Records from a collection
■ ■ ■ ■ ■ ■ ■
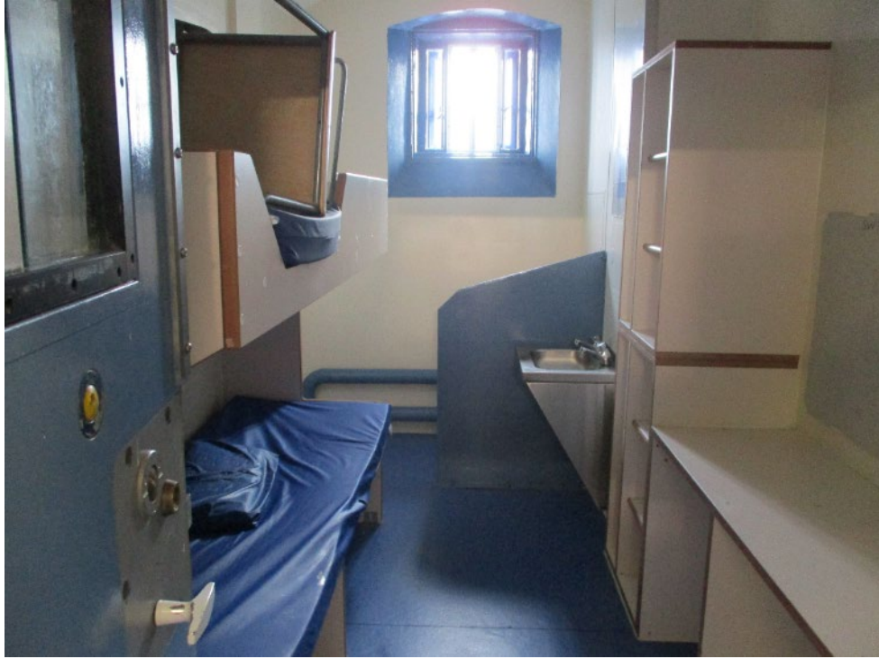
Cell gynefino sydd newydd gael ei pharatoi
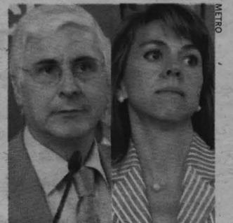
José María Barreda y María Dolores de Cospedal.

Por ello, apuntó que la presidenta del PP de Castilla-La Mancha "tendrá que hacer algún guiño a los acuerdos adoptados en Valencia, donde la política del trasvase es la de la solidaridad en el PP", concluyó el dirigente popular. EFE
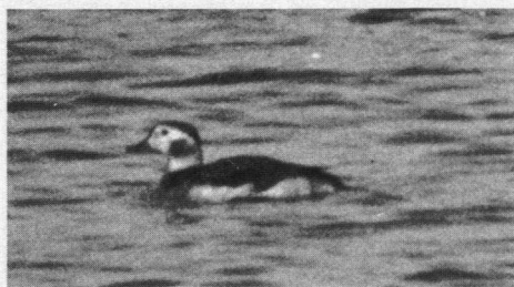
IJseend ♀, Uitgeest, jachthaven 'Kwalijk', 18 december 1978.
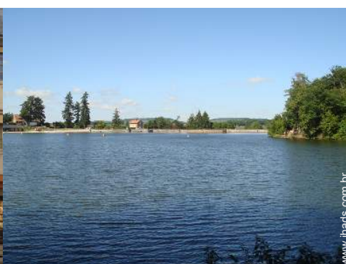
atividades de verão nas proximidades
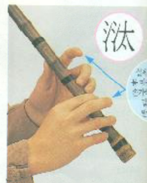
①, ③공 짚음(②, ④공 땀)

Корейская народная музыка разнообразна и сложна, но во всех её видах используется один и тот же набор ритмических рисунков, называемых чандан (장단), а также характерные ладовые звукоряды. Музыка украшена мелизмами и форшлагами. Каждый из видов мелизмов, форшлагов на дансо имеет свои установленные знаки для исполнения.
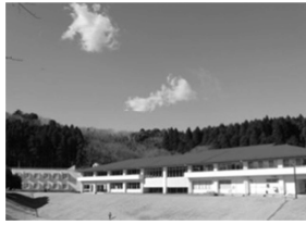
君津亀山少年自然の家
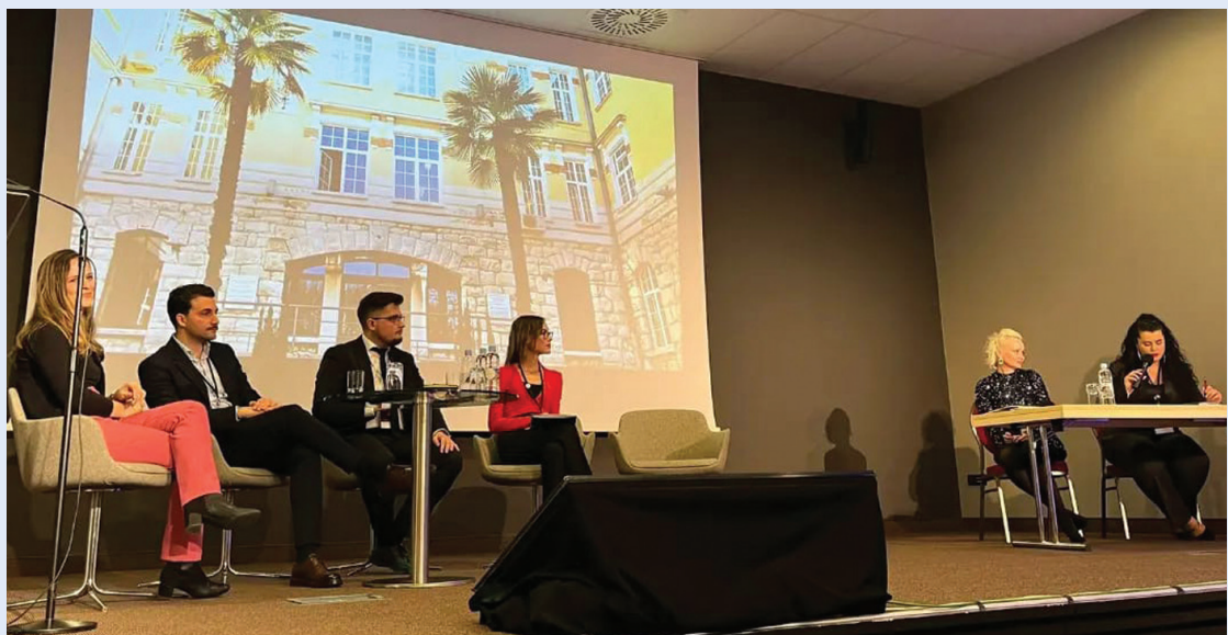
Slika 9. Studentska sekcija kao jedan od organizatora MedRi 2023 Conference – First International Student Symposium on Future Doctors Educating the World

Budući da je Studentska sekcija posvećena popularizaciji znanosti u medicini i poticanju studentske znanstvene aktivnosti, Science Sunday je uspješna inicijativa koja redovnim objavljivanjem članaka o najnovijim istraživanjima i medicinskim temama pridonosi obogaćivanju znanja studenata medicine i potiče interes za znanstvenim istraživanjima. Ova inovativna strategija može poslužiti kao primjer drugim studentskim sekcijama i organizacijama koje žele promicati znanost među mladima. Nedjeljom navečer, kada svi uglavnom „skrolaju“ po društvenim mrežama, u ogromnoj količini informacija i podražaja Science Sunday skreće pažnju pratitelja na provjerene, životno primjenjive i zanimljive informacije (Slika 10). Ovaj format educira pratitelje o brojnim novostima iz različitih područja znanosti te se na taj način promovira istraživanje i kritičko razmišljanje. S druge strane, svojom kratkoćom i jednostavnošću zadržava pažnju šire
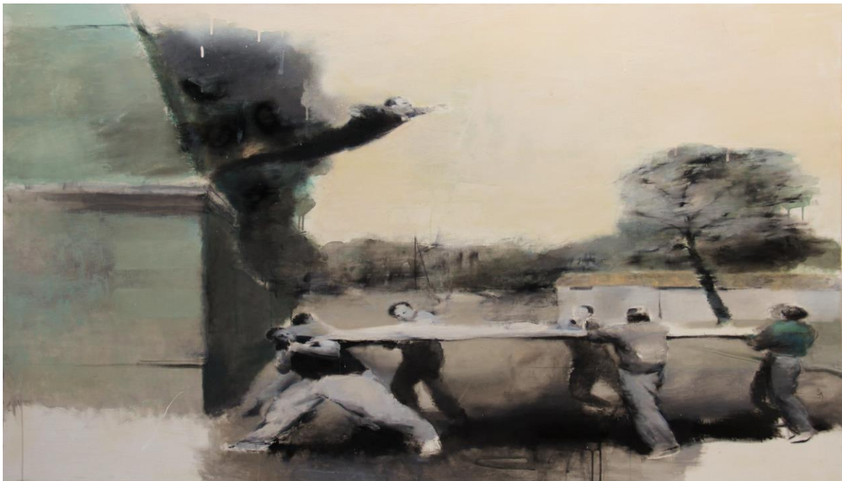
«Скачок у пустэчу 1»

Нібы папкі навукоўца, шчыльна запоўненыя тэкстам, так і карціны Наталлі Залознай становяцца паверхняй, на якой мастачка фіксуе сляды сваіх ментальных і фізічных эксперыментаў. Палотны класіфікуюцца, надзяляюцца подпісамі і часам нават нумарамі, праекты суправаджаюцца навуковым апісаннем. Аднак, нягледзячы на яўныя канцэптэуальныя рамкі, выявы Наталлі Залознай апелююць да эмоцый. Жывапіс мастачкі застаецца дынамічным і жарсным, быццам фіксуюцца не парадоксы часу, а ўзнікненне новых формаў жыцця.
■ ■ ■ ■ ■ ■ ■
- _What the task requires_
Your whole answer should be one number, the count of lines in the records that hold "Studentska".

- _Answer to the problem_
2